The line containing "Impiattare versando sul" marks the end: copy exactly every line from the start of the records below up to and including it, leaving out pictures.
· · · · ·
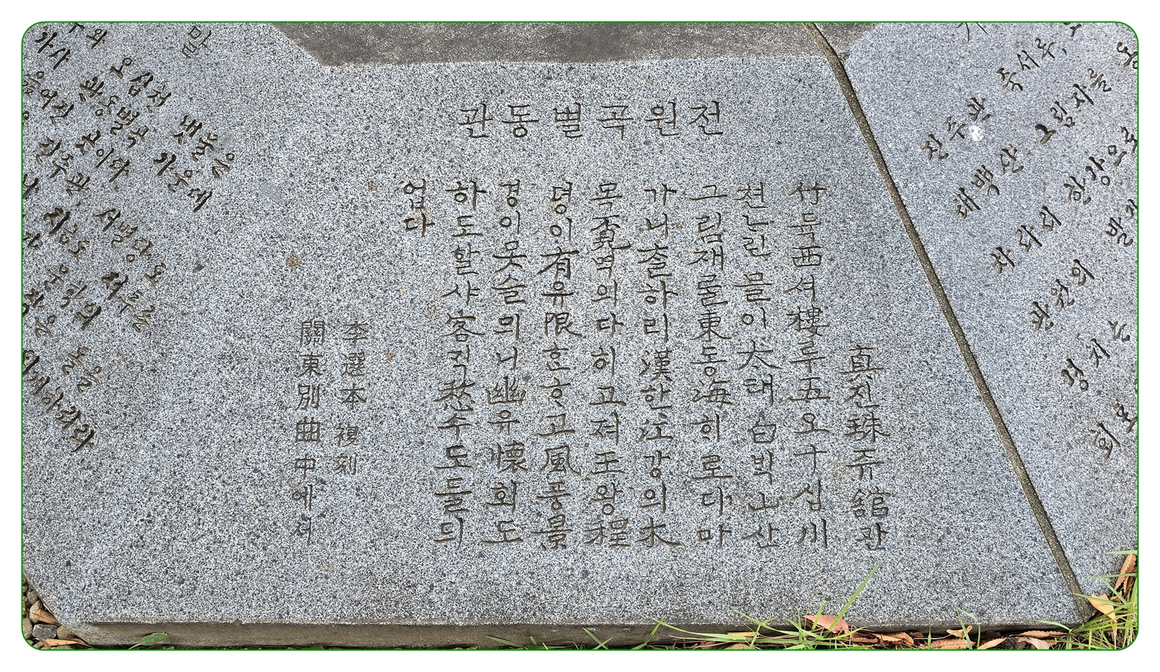 ‘해선유희지소(海仙遊戱之所)’는 현종 3년(1837)에 부사 이규헌(李圭憲)이 쓴 것이라 한다.
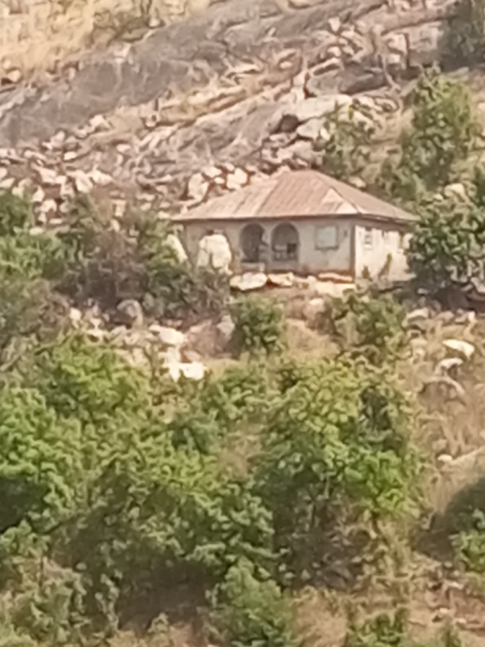 A small, weathered house sits nestled into a rocky hillside. The structure features a simple, rusty roof, arched openings, and faded white walls. Lush green bushes and trees surround the house, contrasting with the rough, light-colored rock formations behind it. The house appears isolated and integrated into the natural environment.
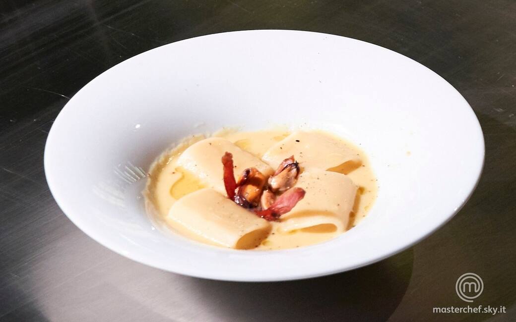 Impiattare versando sul fondo del piatto la crema di fagioli. Aggiungere i paccheri, qualche cozza, la pancetta croccante. Aggiustare di olio evo, sale e pepe.
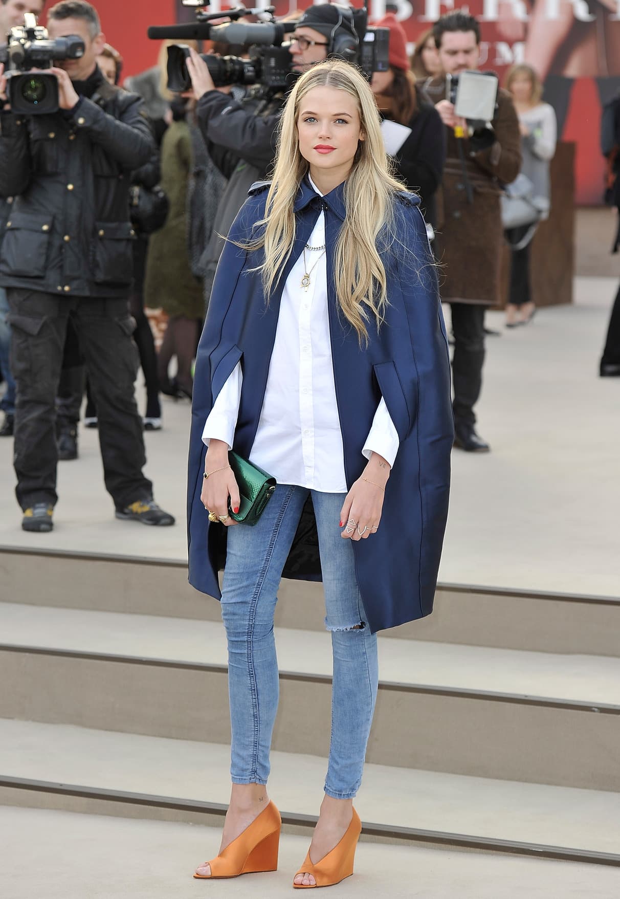 Tanto para el día como para la noche, si la sofisticación y la elegancia son tus objetivos, este outfit puede servirte como ejemplo. Unos skinny jeans apenas rotos, una camisa blanca larga, capa azul, clutch en verde y unas llamativas plataformas peep toe anaranjadas logran un look de lo más chic, ¿no te parece?
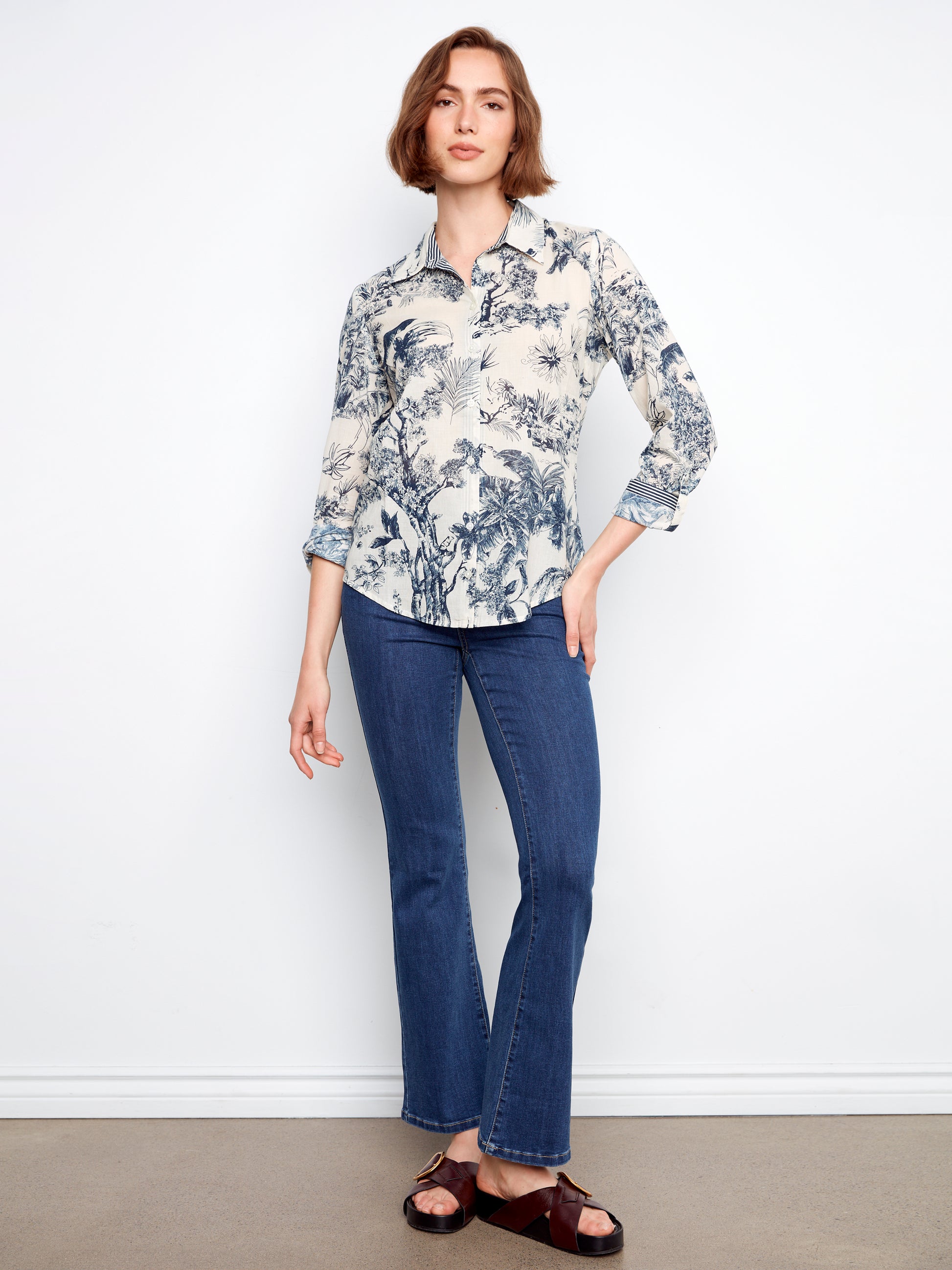 Refresh your spring wardrobe with our Printed Cotton Voile Button-Up Blouse, adorned with a beautiful Versailles print in dark blue that flows gracefully across the fabric. Featuring a shirt collar and long sleeves, this blouse exudes effortless elegance, while its lightweight, breathable cotton ensures all-day comfort. Perfect for any occasion, it’s a must-have piece for the season.
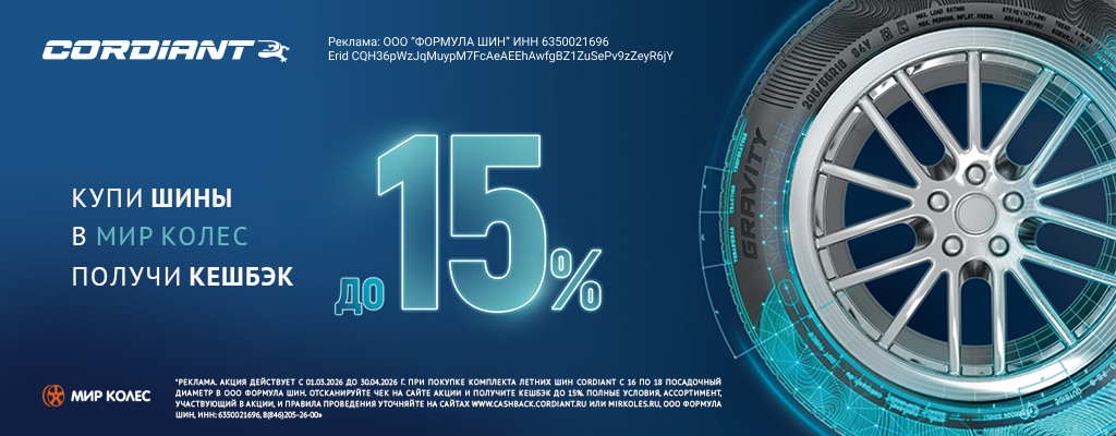 10% (десять процентов) на летние шины Cordiant с 17 по 18 дюйма при покупке с 01.05.2026 г. по 30.06.2026 г. включительно,
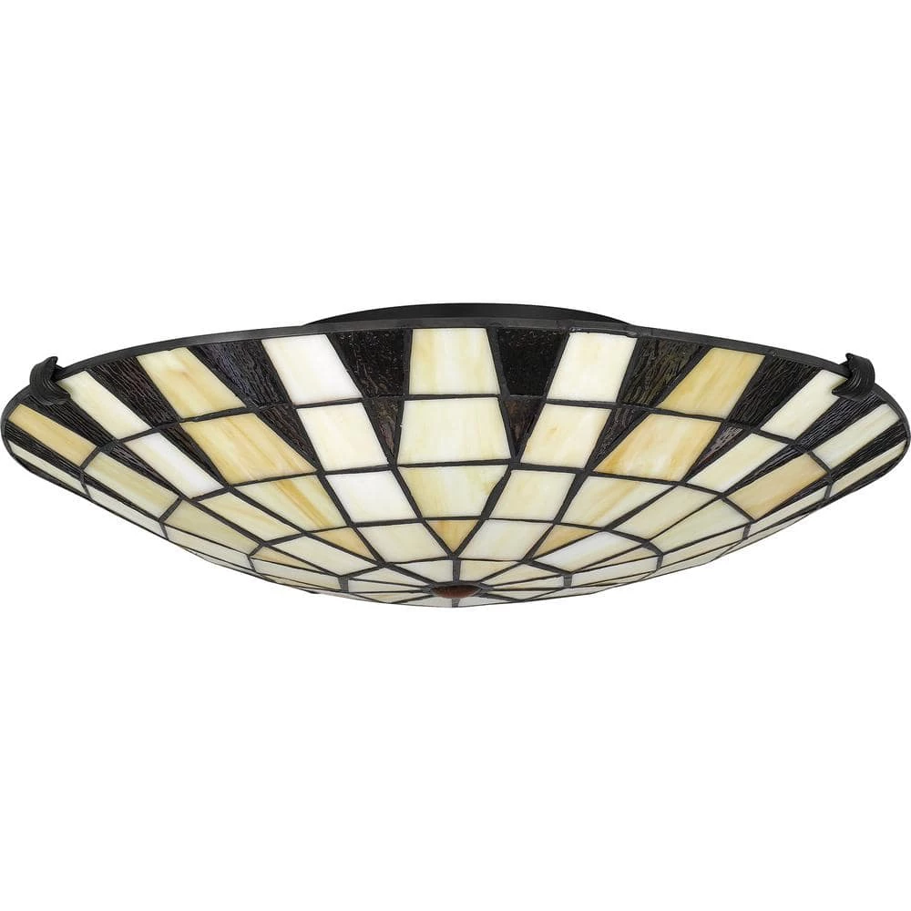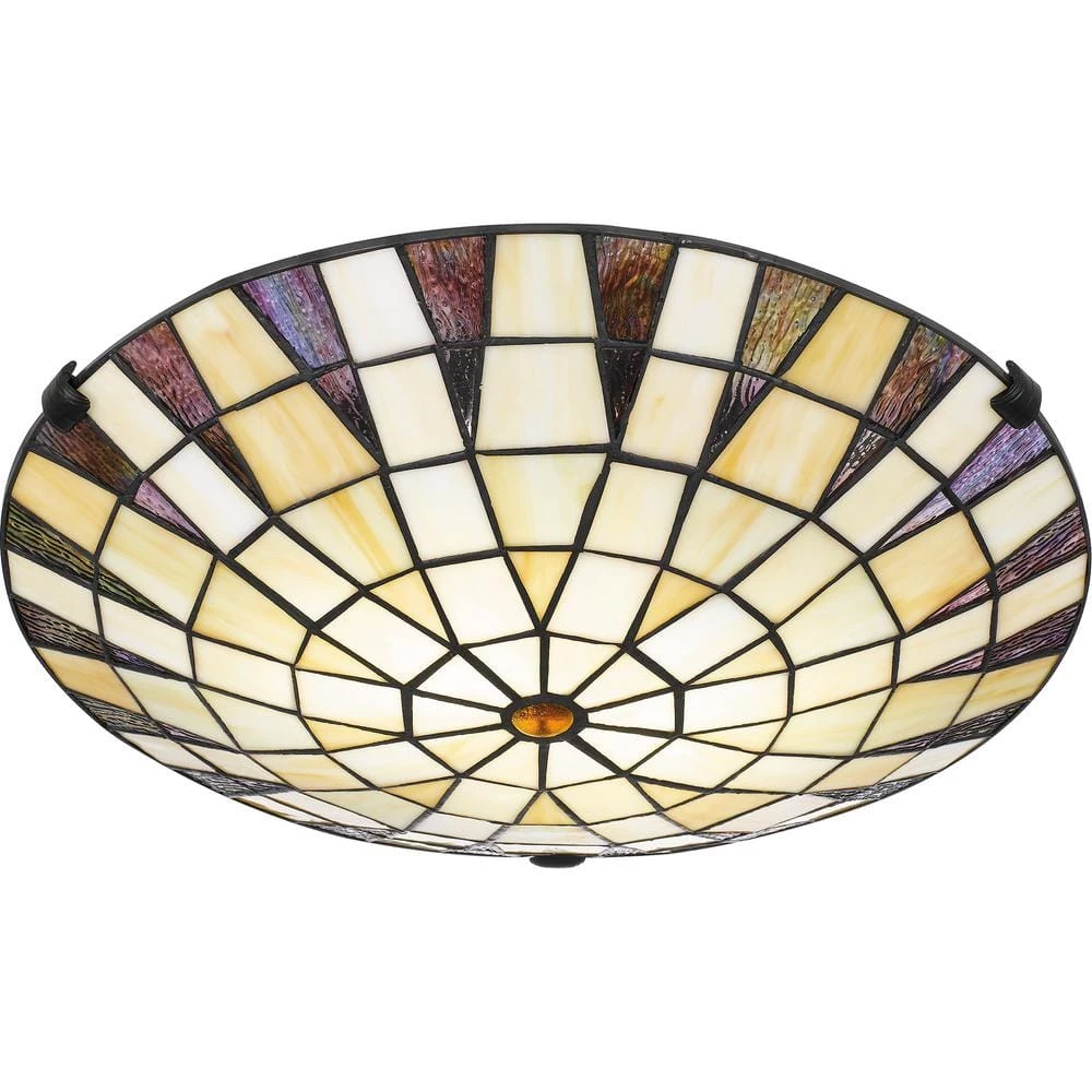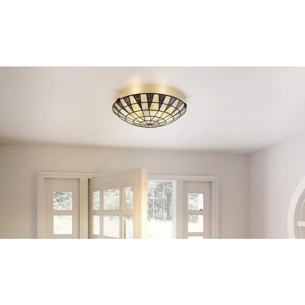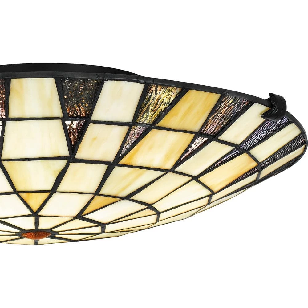 Multicolored glass creates the artisan look and feel of Legend, whether as a table lamp or flush mount. Paired with a matte black finish, this design includes neutral tones of stained glass in shades of cream and iridescent charcoal. A pair of table lamps adds beauty to the bedroom, while the flush mount style creates an inviting moment in a foyer.
· · · · ·
Output for this task:
 ‘해선유희지소(海仙遊戱之所)’는 현종 3년(1837)에 부사 이규헌(李圭憲)이 쓴 것이라 한다.
 A small, weathered house sits nestled into a rocky hillside. The structure features a simple, rusty roof, arched openings, and faded white walls. Lush green bushes and trees surround the house, contrasting with the rough, light-colored rock formations behind it. The house appears isolated and integrated into the natural environment.
 Impiattare versando sul fondo del piatto la crema di fagioli. Aggiungere i paccheri, qualche cozza, la pancetta croccante. Aggiustare di olio evo, sale e pepe.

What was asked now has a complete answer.